Here are some problems – neither the ALD or any other source typically publishes the history of libraries. Libraries are supposed to be a bastion of research but they seem not to expect that anyone would ever ask the most obvious questions about the library itself. I am posting one of the best-case scenarios in all the libraries I have checked in Seattle. The picture is a web capture of the East Asia Library at the University of Washington. The information is interesting and I am glad they posted it, but it is problematic. The first problem is authorship – who wrote this blurb? Was it a custodian of this collection? Just a regular staff librarian? Perhaps an internet-loving student intern? Maybe someone unaffiliated with the UW wrote this, and then the UW plagiarized it. Maybe the webmaster wrote it, or found this content online. Wherever it came from, I am sure no one remembers. There is no date on this information and there is no authorship. If the university published a book about itself I am sure they would remember to name an author and put a date of publication. How did it come to be that the keepers of information became so out of touch that they see no need to do this for information online? I know there are ways to reference websites, but the point that I want to make is that this is a low-quality source. And also there is no promise that this information will be retained; the university could revamp its website and then this link and this information would be gone from linkrot. With me as a researcher, it is disappointing to me when I cite someone and their link goes away. Especially when I have will to support an institution like a university library, I expect them to at least provide me the simplest materials possible to do the most obvious work, and they are not meeting my need.

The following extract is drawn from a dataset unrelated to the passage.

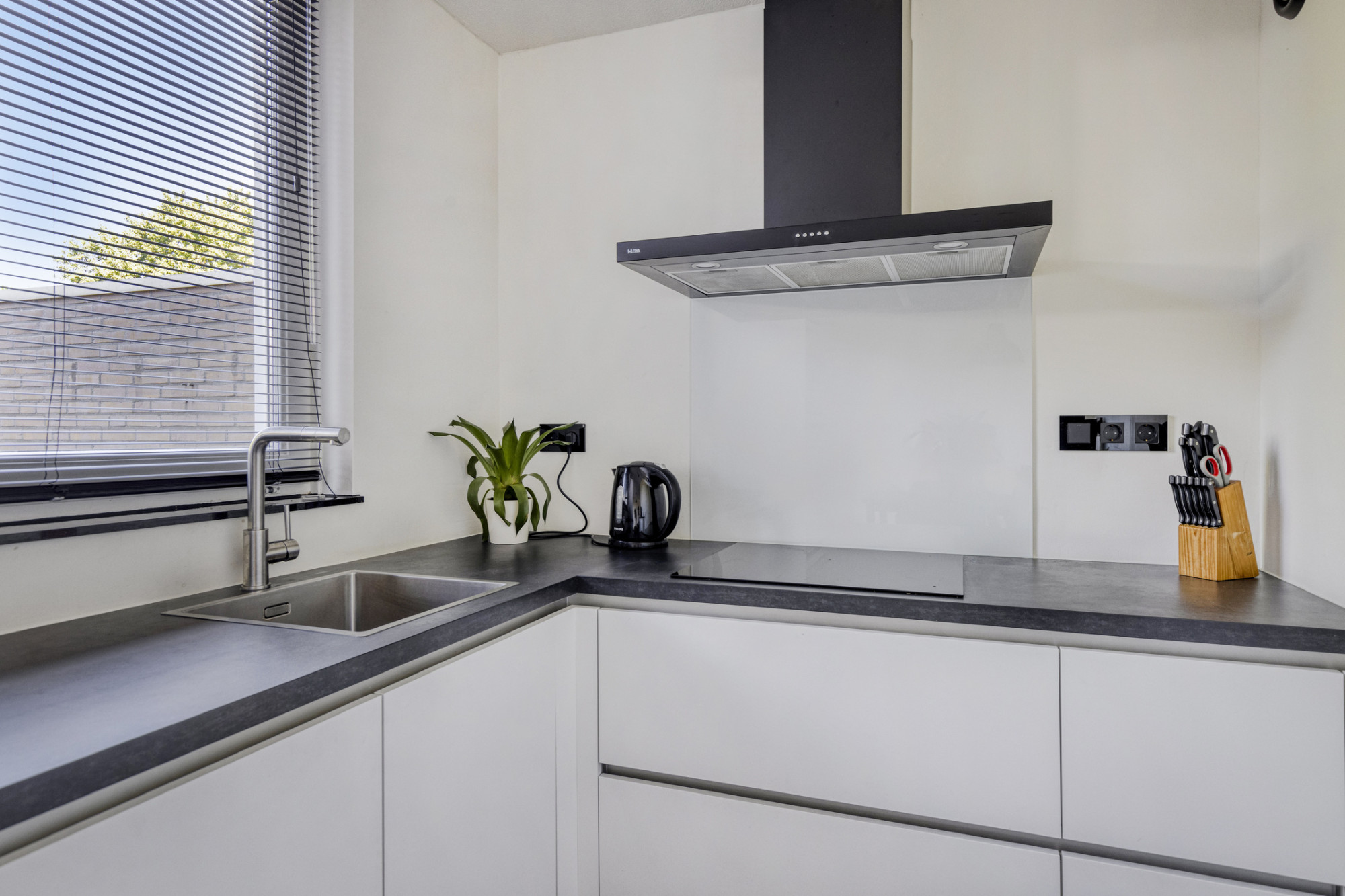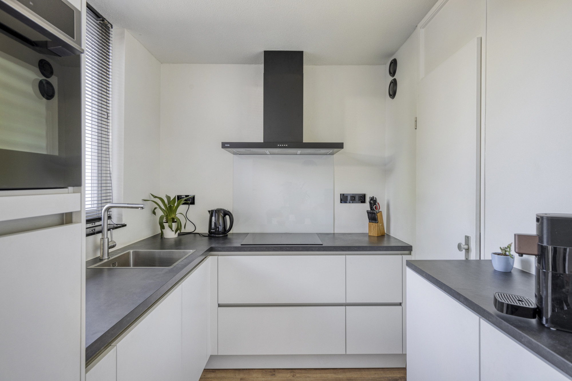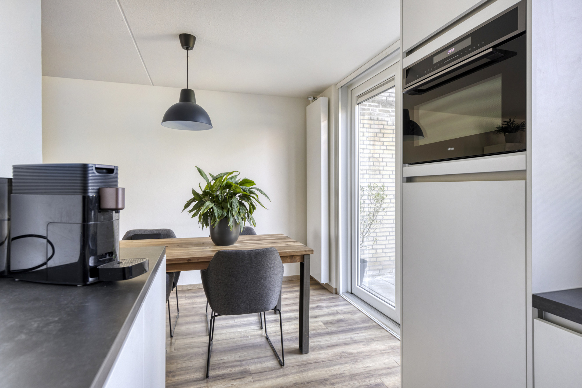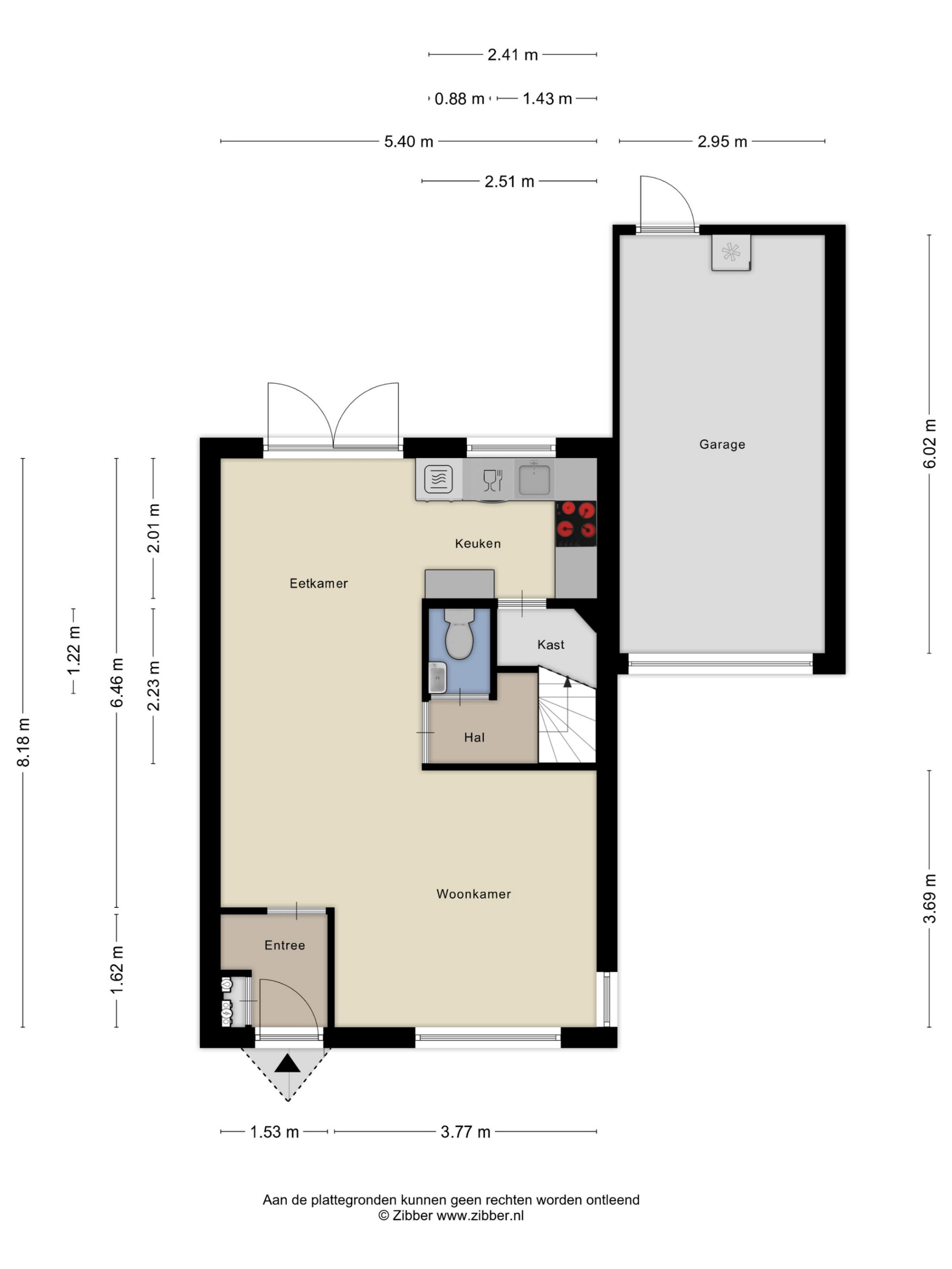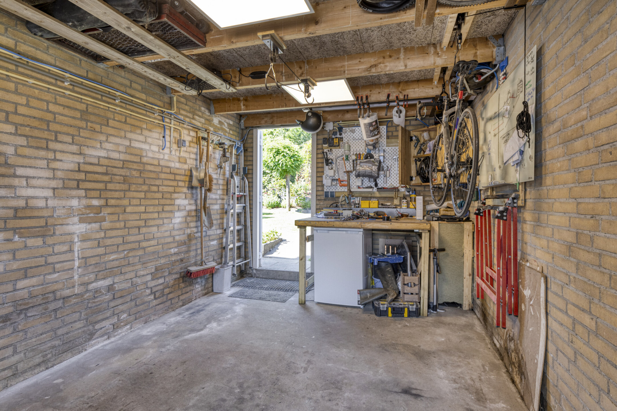 Je betreedt de woning via de hal met meterkast. De lichte woonkamer met open keuken is voorzien van openslaande tuindeuren naar het terras. De keuken is uitgerust met moderne inbouwapparatuur, waaronder een combi-magnetron, koelkast met vriesvak, vaatwasser, afzuigkap en een inductiekookplaat. Praktische bergruimte bevindt zich onder de trap. Aangebouwde garage, voorzien van een kantelpoort. In de tuin staat een houten tuinhuis.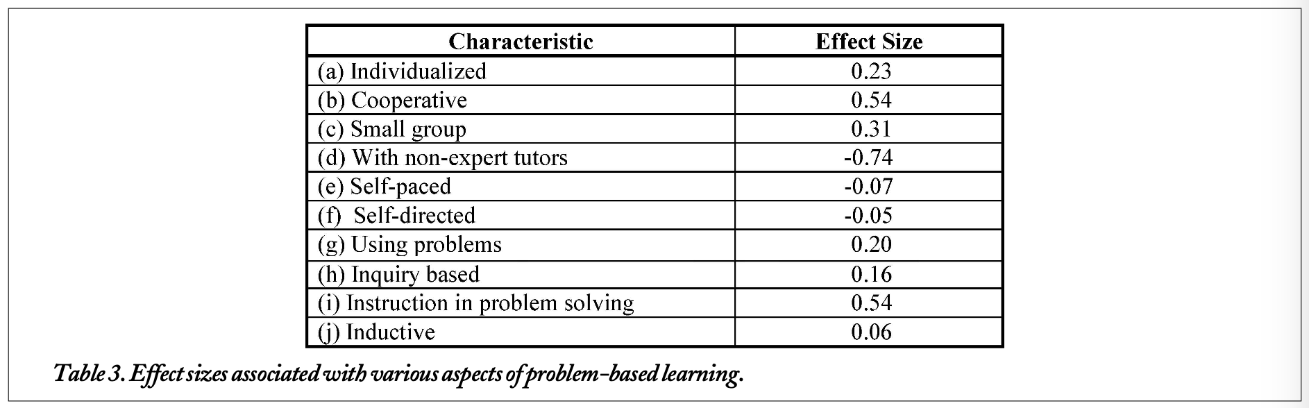 ・NormanとSchmidt(2000)は、PBLのいくつかの要素を特定し、それらが学習成果にどのような影響を与えるかを示しており、その結果は、Lipsey and Wilson(1993)が提供したメタ研究の要約(測定された学習成果は学業達成度)を用いて、Norman and Schmidtから直接引用したTable 3に示されている。

Another problem is that libraries are not prepared to describe their holdings. The ALD makes some small descriptions of library holdings, like for example, I mentioned the Seattle Art Museum’s McCaw Foundation Library, and their entry in the ALD says they have media on “Asian art”. Most entries do not even say that much, and many libraries are named after a person and give no indication of their holdings. It is not appropriate for anyone to publish original thought or research on Wikipedia, because all information on Wikipedia is supposed to come from a published reference. This means that for some libraries very little information is available, so therefore little can be said about them on Wikipedia.In the case of the UW’s East Asia Library, this is how they describe their collection: “634,500 volumes of publications on East Asia in Chinese, Japanese, Korean, Tibetan, Manchurian, and other languages.” Other libraries also just describe their collections with a number and say that is their holdings, and they may also list a number of subscriptions. But that is hardly useful information, and it is almost moot considering that very soon all out-of-copyright texts are going to be available online. The information I really want is what kinds of holdings they have. In the case of the East Asia Library at UW – perhaps there is some theme to these books? Is a representative mix of the publications of those cultures, or do they have notable special collections? I asked a lot of librarians this. I am not sure that they understood me. In any case I got no answer of how to qualify the collections of libraries.
I am not sure what the solutions to these problems are.